EXERCISE DATA: Begin
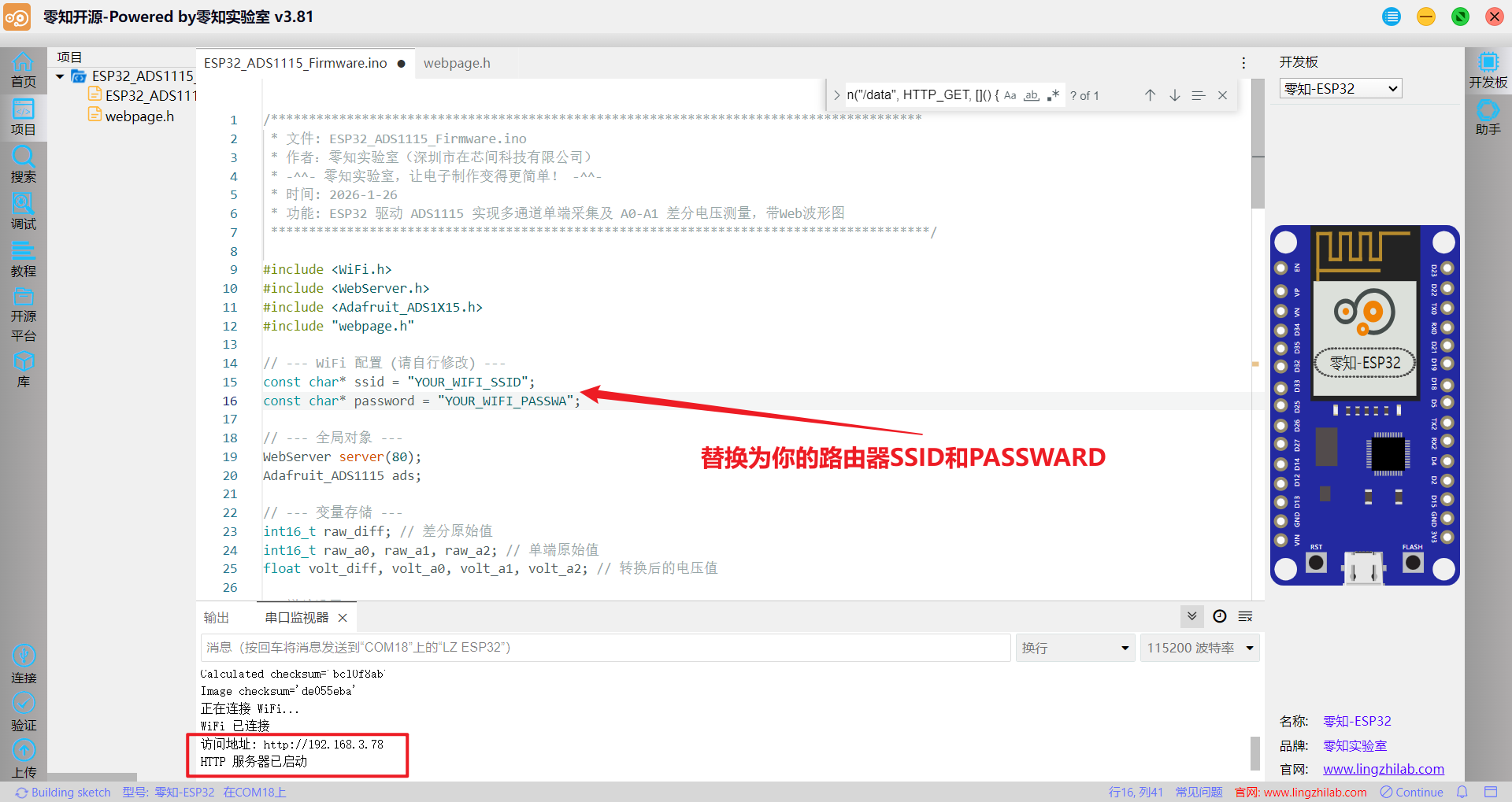 主程序文件,实现 WiFi 连接、ADS1115 数据采集、WebServer 搭建;头文件,存储 Web 页面的 HTML/CSS/JavaScript 代码
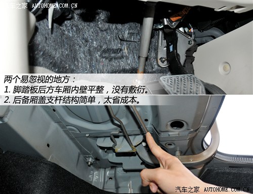一些隐蔽的细节值得注意,比如脚踏板后面的车厢内壁,平整度很高,没有敷衍了事,这是好的地方,也有不好的,像后备厢盖支杆就用了最简单的结构,太节省成本。
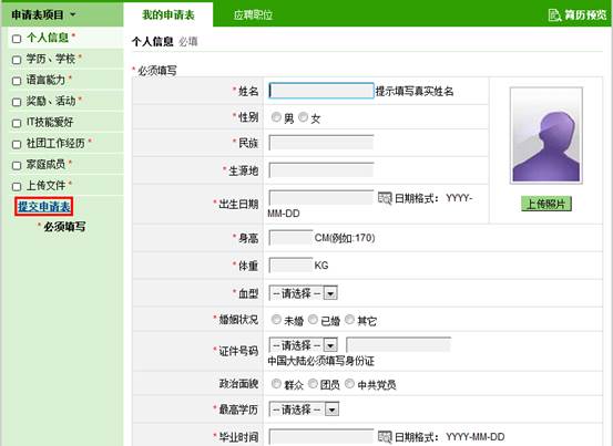 第八步:填寫完“申請表”中的相關內(nèi)容保存好并確認應聘職位無誤之后,再點擊“提交申請表”即可
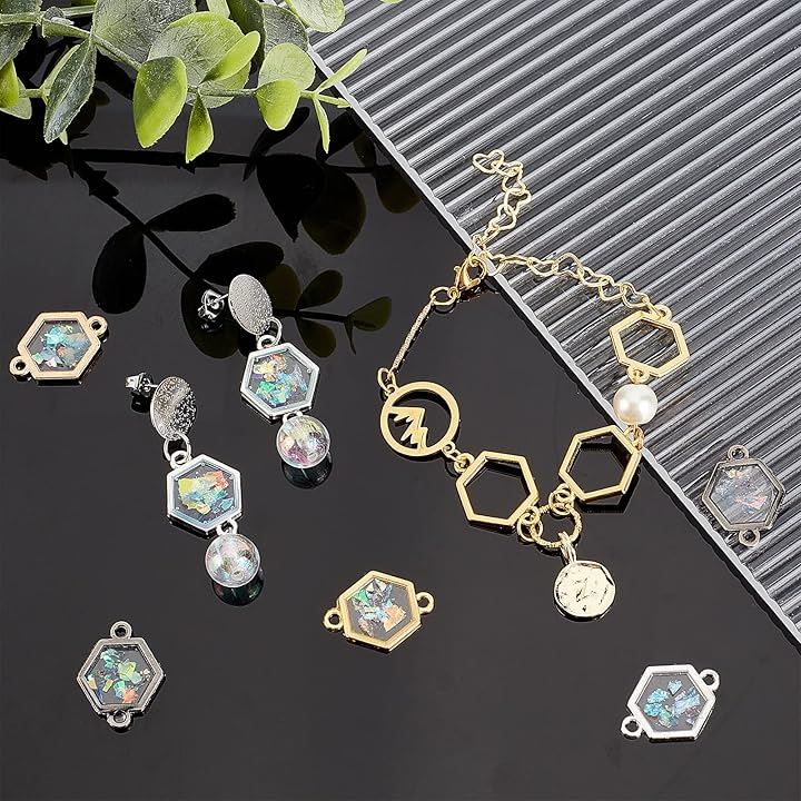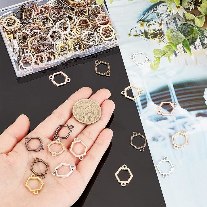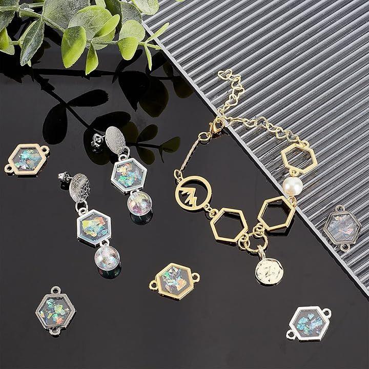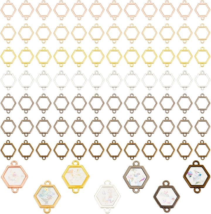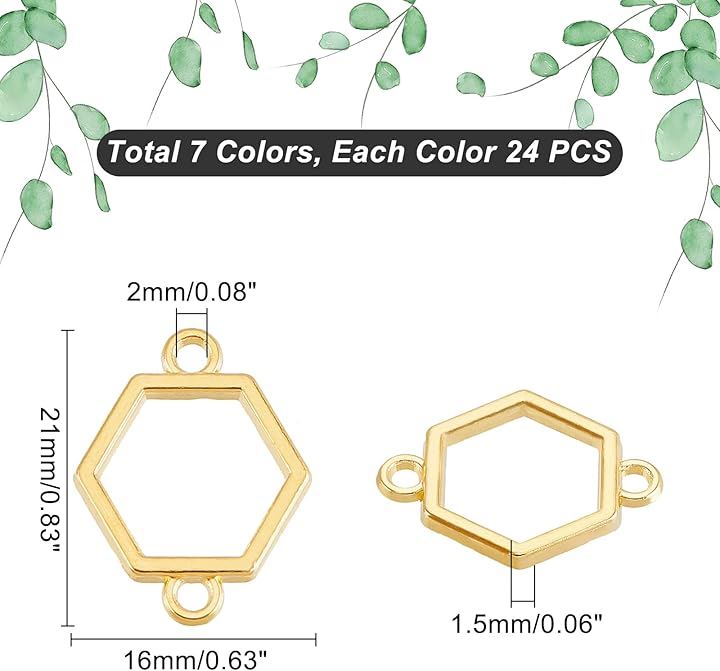 レジン枠 空枠 7種168個 カン付き アクセサリーパーツ チャーム 合金 ゴールド かわいい 六角形 手作り ハンドメイド デコ素材 DIY用
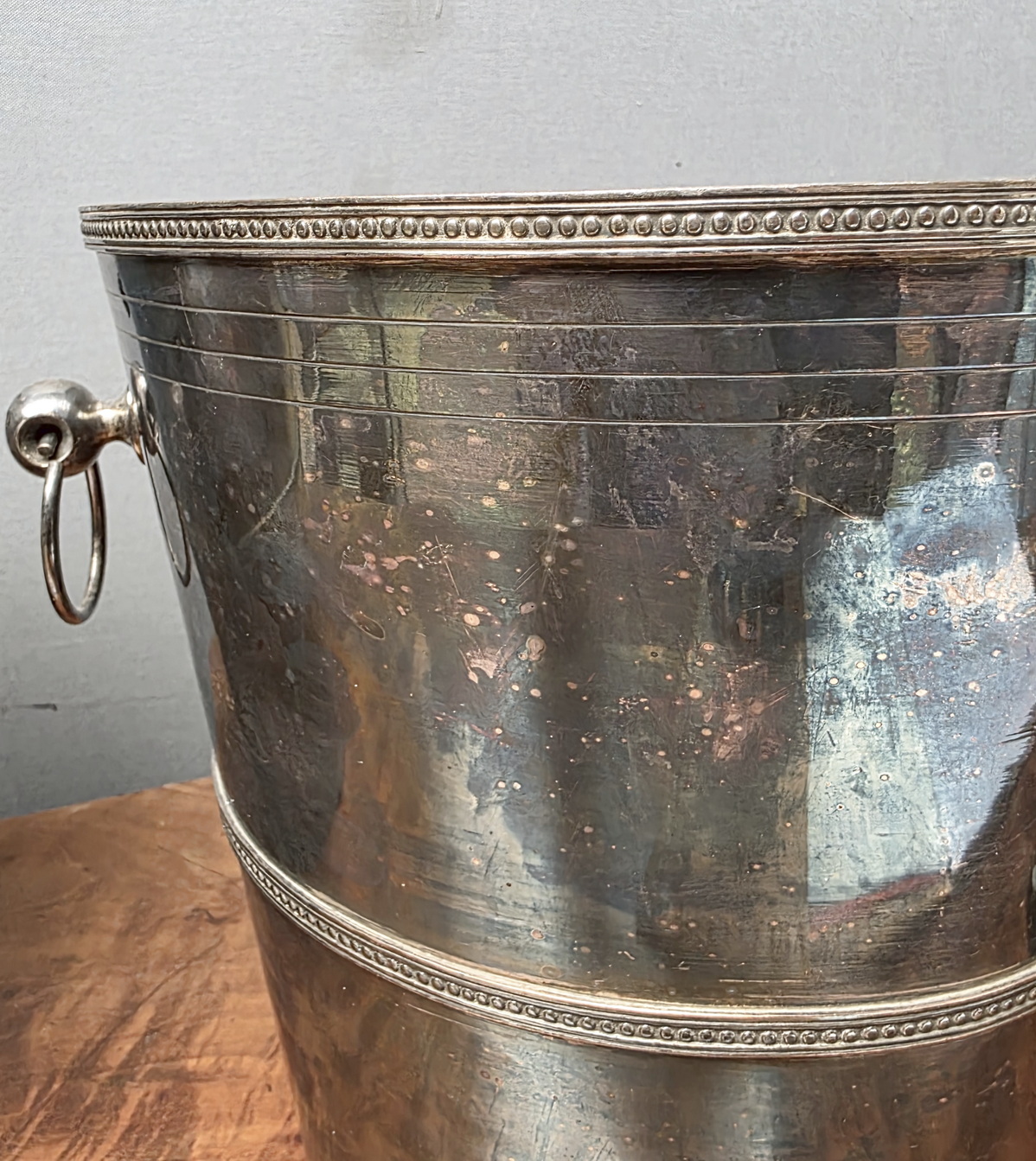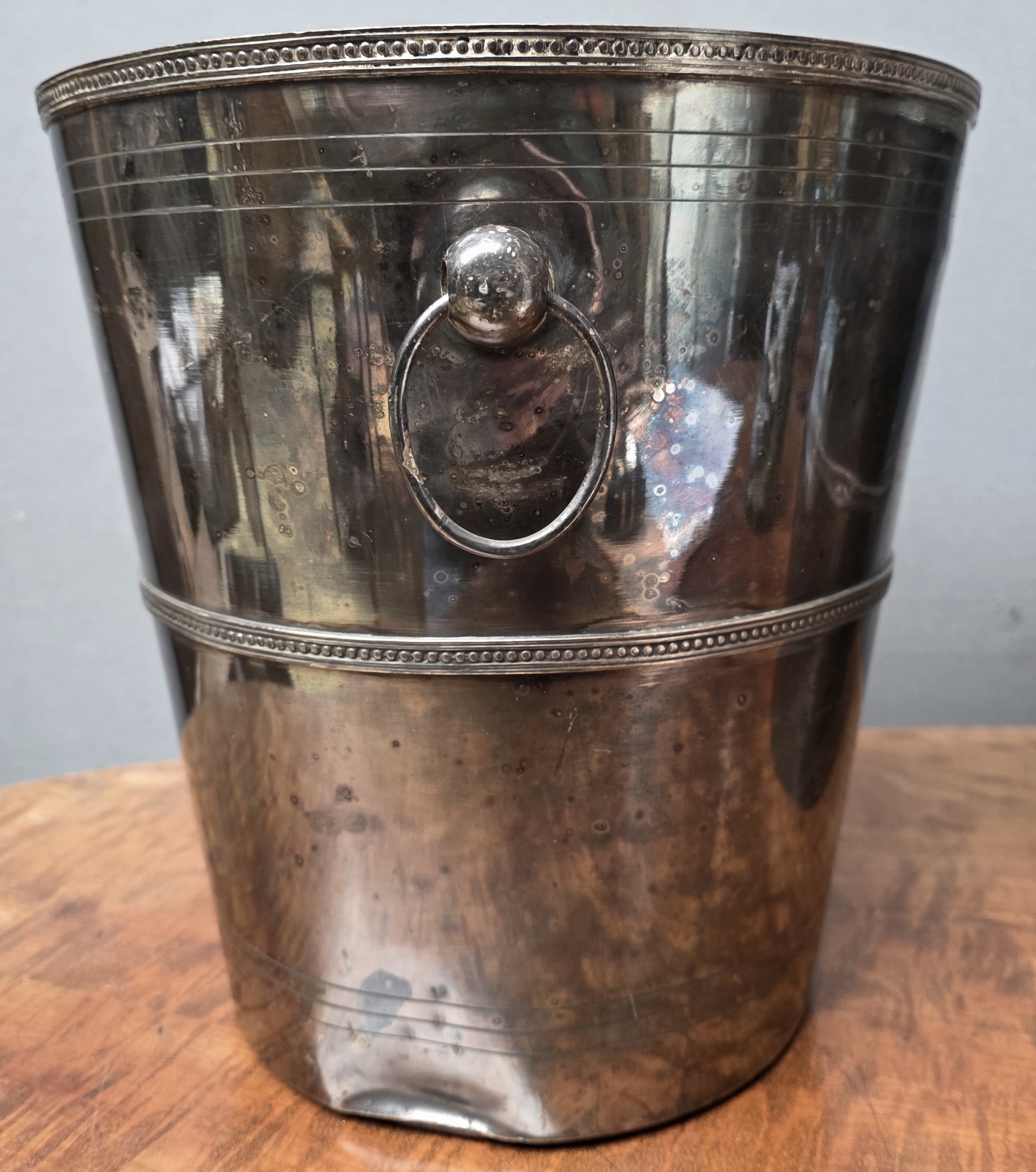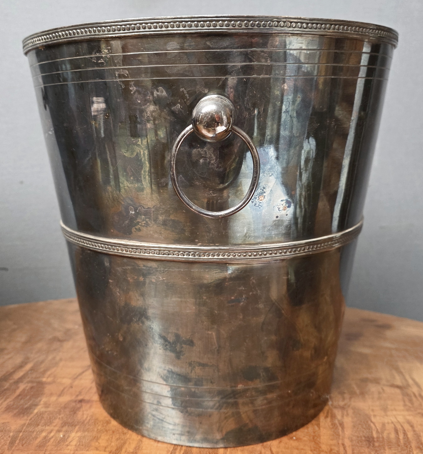 An identical pair of large, early 20th century French silvered Champagne buckets of Classical vase shape, decorated with haut relief 'string-of-pearl' mouldings and fitted with ring shaped carrying handles. The undersides are stamped by a Parisian silversmithing workshop. Area of Paris, circa 1930.
EXERCISE DATA: End
--- YOUR TASK ---
Exactly the lines from the line with "一些隐蔽的细节值得注意,比如" through the last line of the listing, both included, should be extracted, and the pictures left behind.

--- TASK RESULT ---
一些隐蔽的细节值得注意,比如脚踏板后面的车厢内壁,平整度很高,没有敷衍了事,这是好的地方,也有不好的,像后备厢盖支杆就用了最简单的结构,太节省成本。
 第八步:填寫完“申請表”中的相關內(nèi)容保存好并確認應聘職位無誤之后,再點擊“提交申請表”即可
 レジン枠 空枠 7種168個 カン付き アクセサリーパーツ チャーム 合金 ゴールド かわいい 六角形 手作り ハンドメイド デコ素材 DIY用
 An identical pair of large, early 20th century French silvered Champagne buckets of Classical vase shape, decorated with haut relief 'string-of-pearl' mouldings and fitted with ring shaped carrying handles. The undersides are stamped by a Parisian silversmithing workshop. Area of Paris, circa 1930.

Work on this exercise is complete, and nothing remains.